Dogbites.org, citing Preventing Dog Bites, The Centers for Disease Control and Prevention, May 2015

“Dog attack victims suffer over $1 billion in monetary losses annually. JAMA reports this estimate to be as high as $2 billion.”

Dogbites.org, citing Dog Bites Recognized as Public Health Problem by R. Voelker, JAMA, 1997

If you have been bitten by a dog, you may have a legal claim against the dog’s owner and be entitled to compensation for your injuries. Rebecca Blair is a dog bite accident attorney in Brentwood who can review your case in a free consultation, answer your questions, and help you fight for the your rights.

The Tennessee Legislature passed the Diana Acklen Act of 2007 after Ms. Acklen was attacked and killed by three dogs in a residential neighborhood in Tennessee. The Act, which is codified at Tenn.
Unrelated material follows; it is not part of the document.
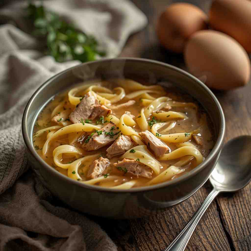 Chicken Noodle Soup with Egg Noodles is more than just a recipe—it’s a bowl of comfort, warmth, and nostalgia. Simple yet deeply flavorful, it’s perfect for cozy nights or when you need a nourishing, restorative meal. The tender chicken, comforting noodles, and aromatic broth come together to create a timeless classic that never fails to satisfy. Whether served to soothe a cold or to share at the family table, this soup embodies everything homemade cooking stands for: warmth, love, and wholesome goodness in every spoonful.

Code Ann. § 44-8-413, provides that “[t]he owner of a dog has a duty to keep that dog under reasonable control at all times, and to keep that dog from running at large.” An owner who breaches this duty may be liable for damages if his or her dog injures a person while in a public place or while lawfully on private property of another. The Tennessee statute provides that “[t]he owner may be held liable regardless of whether the dog has shown any dangerous propensities or whether the dog's owner knew or should have known of the dog's dangerous propensities.” Tenn. Code Ann. § 44-8-413(a)(2).

However, there are several exceptions to this rule and there is generally no liability on the part of the dog owner if:

  1. The dog is a police or military dog carrying out official duties;
  2. The injured person was trespassing upon the private, nonresidential property of the dog’s owner;
  3. The injury occurred while the dog was protecting the dog's owner or an innocent person from attack by the injured person or a dog owned by the injured person;
  4. The dog was confined in a kennel, crate or other enclosure when the injury occurred; or
  5. The injured person enticed, disturbed, alarmed, harassed, or otherwise provoked the dog causing injury.
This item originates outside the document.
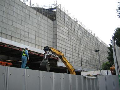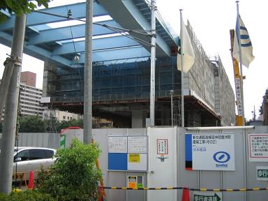 | 駅舎はまだ工事の真っ最中です。 手前の部分は、歩道をふさいでの工事です。 有楽町線との連絡通路でも作ってるのでしょうか。 |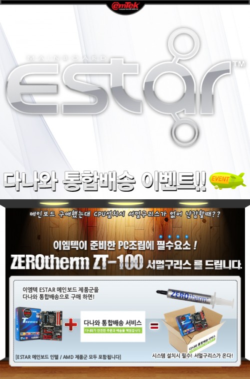 이엠텍아이엔씨(대표 이덕수 www.emtekinc.com)는 다나와(대표 성장현 www.danawa.com)와 함께 다나와 통합배송 서비스를 활용한 ESTAR 메인보드 판촉 행사를 진행한다.

Tenn. Code Ann. § 44-8-413(b).

In addition, the “residential exception” to the Tennessee dog bite statute provides that if the injury from the dog occurs on “residential, farm or other noncommercial property, and the dog's owner is the owner of the property, or is on the property by permission of the owner or as a lawful tenant or lessee,” then the injured person must “establish that the dog's owner knew or should have known of the dog's dangerous propensities[]” in order to recover damages. Tenn. Code Ann. § 44-8-413 (c)(1).

It is important to note that an individual bitten by a dog has one year from the date of injury within which to file a lawsuit to recover for his or her injuries under Tenn. Code Ann. § 44-8-413. Thus, it is important to seek legal advice from an attorney regarding your dog bite case as soon as possible.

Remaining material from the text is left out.